> EXERCISE DATA:
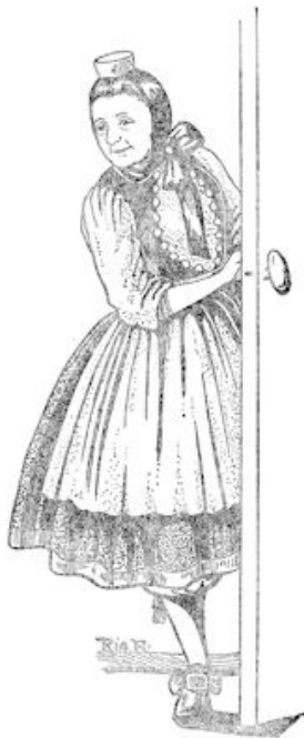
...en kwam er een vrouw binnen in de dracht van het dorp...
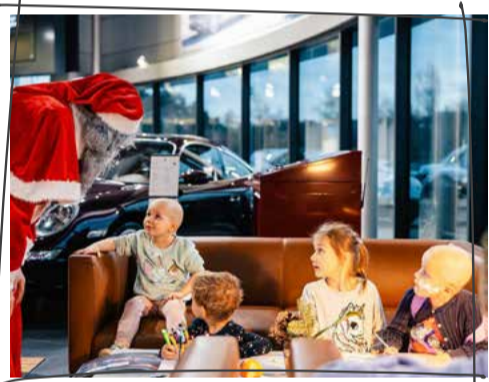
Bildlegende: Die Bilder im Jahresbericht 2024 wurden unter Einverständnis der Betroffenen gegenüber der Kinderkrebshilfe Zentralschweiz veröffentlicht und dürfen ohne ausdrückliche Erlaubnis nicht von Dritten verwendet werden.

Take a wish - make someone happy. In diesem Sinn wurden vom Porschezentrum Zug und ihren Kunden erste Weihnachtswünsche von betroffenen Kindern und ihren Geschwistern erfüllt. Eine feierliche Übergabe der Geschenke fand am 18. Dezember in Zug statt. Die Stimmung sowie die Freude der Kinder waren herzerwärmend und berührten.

==

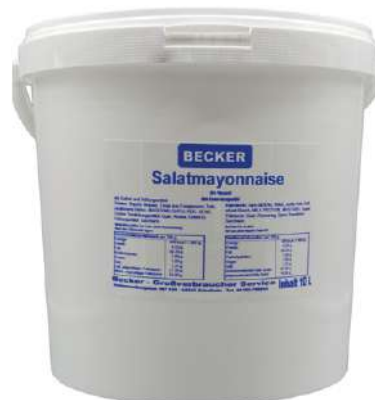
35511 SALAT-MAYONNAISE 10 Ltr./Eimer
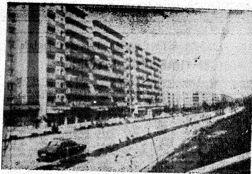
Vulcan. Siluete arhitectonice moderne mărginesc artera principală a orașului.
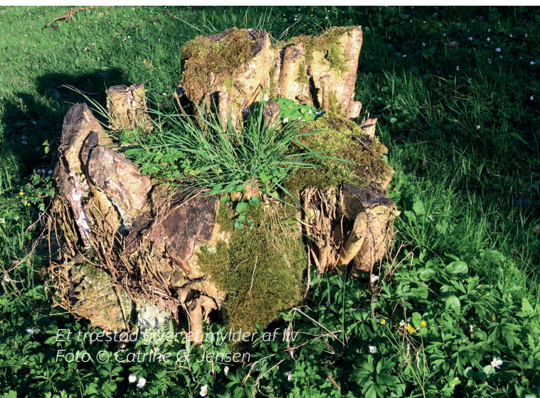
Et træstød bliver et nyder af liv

...

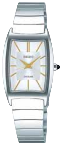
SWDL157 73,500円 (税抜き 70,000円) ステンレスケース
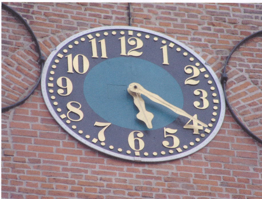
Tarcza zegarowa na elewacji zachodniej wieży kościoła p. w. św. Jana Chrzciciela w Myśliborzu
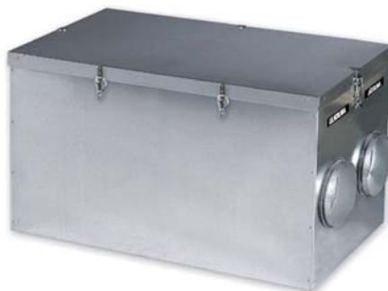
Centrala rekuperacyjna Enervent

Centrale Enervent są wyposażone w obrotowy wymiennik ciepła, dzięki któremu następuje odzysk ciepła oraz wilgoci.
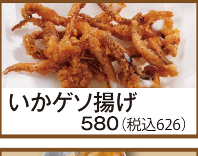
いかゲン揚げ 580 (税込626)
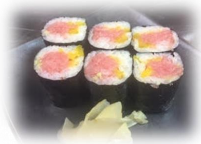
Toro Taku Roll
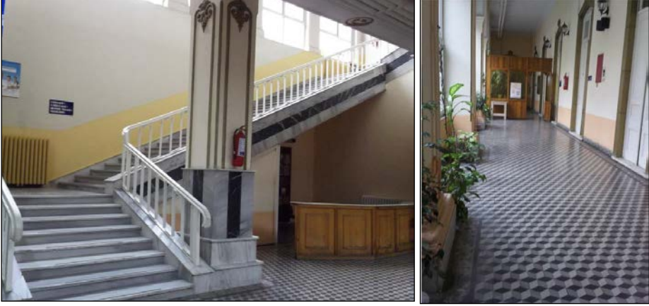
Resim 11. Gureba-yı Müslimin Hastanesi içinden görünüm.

> YOUR ASSIGNMENT: Within the listing above, find the line containing "いかゲン揚げ 580 (税込626)" and the line containing "Resim 11. Gureba-yı". Transcribe them and everything between them exactly, leaving out the pictures.

> RESPONSE TO THE EXERCISE:
いかゲン揚げ 580 (税込626)
Toro Taku Roll
Resim 11. Gureba-yı Müslimin Hastanesi içinden görünüm.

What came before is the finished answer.